The dataset is wiped out when any aspect of the model structure is
changed, and rebuilt as needed for computation. For
particular applications that require specialized
optimization, the dataset can be provided exogenously after the
model stucture is finalized, but generally
it will be convenient for users to let Larch build the dataset
automatically from a datatree.
m.datatree
<larch.dataset.DataTree>
datasets:
- main
relationships: none
m.dataset
<xarray.Dataset> Dimensions: (caseid: 4, altnum: 3, var_co: 1, var_ca: 2) Coordinates: * caseid (caseid) int64 1 2 3 4 * altnum (altnum) int64 1 2 3 alt_names (altnum) object 'Car' 'Bus' 'Walk' * var_co (var_co) <U6 'Income' * var_ca (var_ca) <U4 'Cost' 'Time' Data variables: co (caseid, var_co) float64 3e+04 3e+04 4e+04 5e+04 ca (caseid, altnum, var_ca) float64 150.0 30.0 100.0 ... 0.0 10.0 ch (caseid, altnum) int64 1 0 0 0 1 0 0 0 1 0 0 1 av (caseid, altnum) int8 1 1 1 1 1 0 1 1 1 1 1 1 Attributes: _caseid_: caseid _altid_: altnum
Nesting Structures¶
By default, a model in Larch is assumed to be a simple multinomial
logit model, unless a nesting structure is defined. That structure
is defined in a model’s graph
.
m.graph
Adding a nest can be accomplished the the new_node
method,
which allows you to give a nesting node’s child codes, a name, and attach a logsum parameter.

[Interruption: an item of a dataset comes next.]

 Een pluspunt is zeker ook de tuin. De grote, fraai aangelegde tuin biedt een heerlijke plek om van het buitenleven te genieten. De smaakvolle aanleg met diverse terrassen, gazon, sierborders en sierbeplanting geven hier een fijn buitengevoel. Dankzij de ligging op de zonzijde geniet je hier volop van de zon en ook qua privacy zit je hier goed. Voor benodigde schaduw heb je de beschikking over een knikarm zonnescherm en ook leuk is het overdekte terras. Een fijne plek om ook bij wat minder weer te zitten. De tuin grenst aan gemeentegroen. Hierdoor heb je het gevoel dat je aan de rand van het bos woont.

z = m.graph.new_node(parameter='Mu_Motorized', children=[1,2], name='Motorized')
m.graph
The return value of new_node
is the code number of the new nest. This is assigned automatically so
as to not overlap with any other alternatives or nests. We can use this
to develop multi-level nesting structures, by putting that new code
number as the child for yet another new nest.

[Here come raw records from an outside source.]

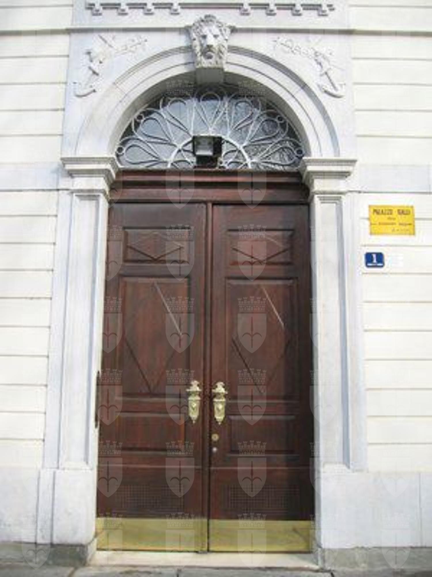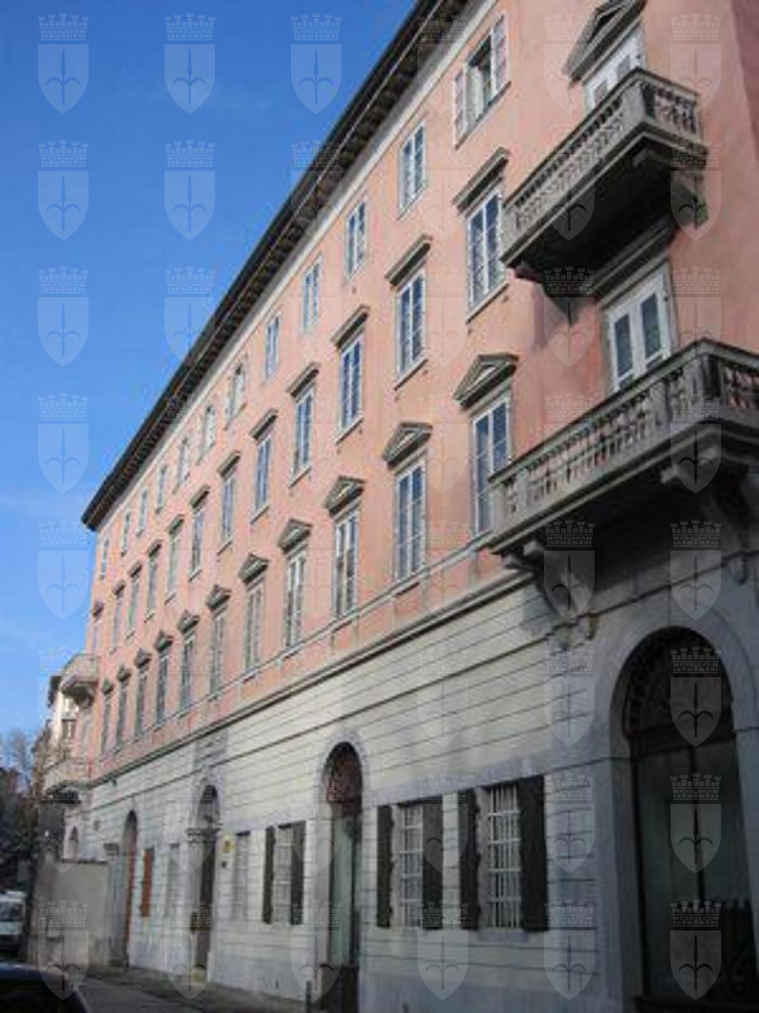 PORTALE (esterno): Portale d'ingresso ad arco a tutto sesto inquadrato da una struttura a semipilastri in pietra bianca con rilievi rappresentanti simboli relativi all'attività commerciali in corrispondenza delle specchiature laterali dell'arco nel prospetto principale. BALCONI (esterno): Balconi con balaustra a colonnine in pietra in corrispondenza delle estremità del secondo e trao piano del prospetto principale e del lato breve. CORNICE (esterno): Cornice a dentelli in pietra a coronamento dell'edificio.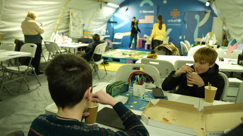 Има и многу деца. Во едниот шатор е направен импровизиран центар за вонучилишни активности – место за дружење, играње и учење. Тука сретнавме жена која ни раскажа дека речиси два месеца во нејзиниот стан немало греење.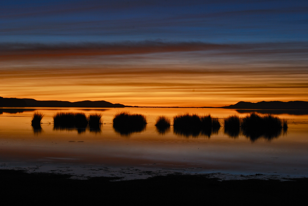 First lights of dawn on Taquile Island are reflected on Lake Titicaca in Puno

m.graph.new_node(parameter='Mu_Omni', children=[z, 3], name='Omni')
m.graph
Nothing in Larch prevents you from overloading the nesting structure with
degenerate nests, as shown above. You may have difficult with estimating
parameters if you are not careful with such complex structures. If you
need to remove_node
, you
can do so by giving its code–but you’ll likely find you’ll be much better off
just fixing your code and starting over, as node removal can have some odd
side effects for complex structures.
m.graph.remove_node(5)
m.graph
Parameter Estimation¶
Larch can automatically find all the model parameters contained in the model specification, so we don’t need to address them separately unless we want to modify any defaults.

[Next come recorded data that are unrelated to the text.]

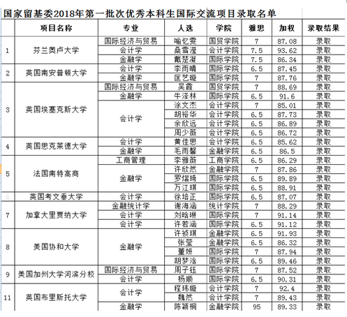 近日,国家留学基金委员会公布2018年“优秀本科生国际交流项目”(简称“优本”项目)第一批录取名单。我校国际学院(13人)、会计学院(8人)、金融学院(5人)、国贸学院(2人)、工商学院(1人)、统计学院(1人)等6个学院的30位同学录取该项目。据悉,“优本生”项目2018年面向全国高校计划选派4500人,我校第一批次推荐31人,获批30人,获批率为96.77%,充分显示了江财学子的实力。“优本”项目第二批次(明年春季入学)尚有部分名额,报名申请工作将在9月中旬启动,录取人数有望继续增加。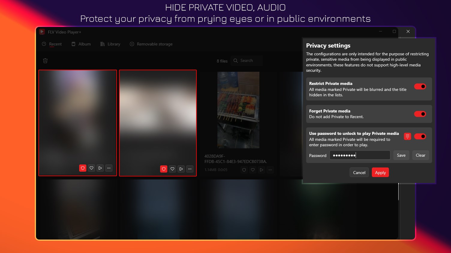 - Setting PIN to prevent nosy access to private videos and music.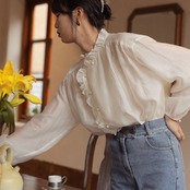 ブラウス フリル スタンドカラー ランタンスリーブ レディース シャツ ボリューム袖 バルーンスリーブ ギャザー ブラウス レトロ クラシカル 白 ホワイト かわいい 上品 清楚 ガーリー おしゃれ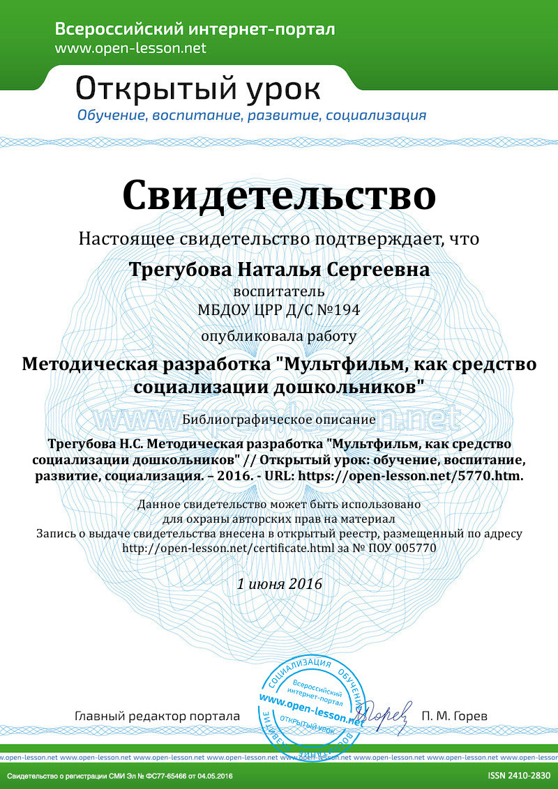 Анализ практической деятельности показывает, что мультфильм является эффективным средством социализации детей дошкольного возраста.

We can review the parameters Larch has found, as well as the current values
set for them, in the parameter frame, or pf
.
m.pf
value | initvalue | nullvalue | minimum | maximum | holdfast | note | |
---|---|---|---|---|---|---|---|
Cost | -0.02 | 0.0 | 0.0 | -inf | inf | 0 | |
Income_Bus | 0.00 | 0.0 | 0.0 | -inf | inf | 0 | |
Income_Car | 0.10 | 0.0 | 0.0 | -inf | inf | 0 | |
Mu_Motorized | 1.00 | 1.0 | 1.0 | 0.001 | 1.0 | 0 | |
Time | -0.01 | 0.0 | 0.0 | -inf | inf | 0 |
If we want to set certain parameters to be constrained to be certain values,
that can be accomplished with the lock_value
method.
Because our sample data has so few observations, it won’t be possible to estimate
values for all four parameters, so we can assert values for two of them.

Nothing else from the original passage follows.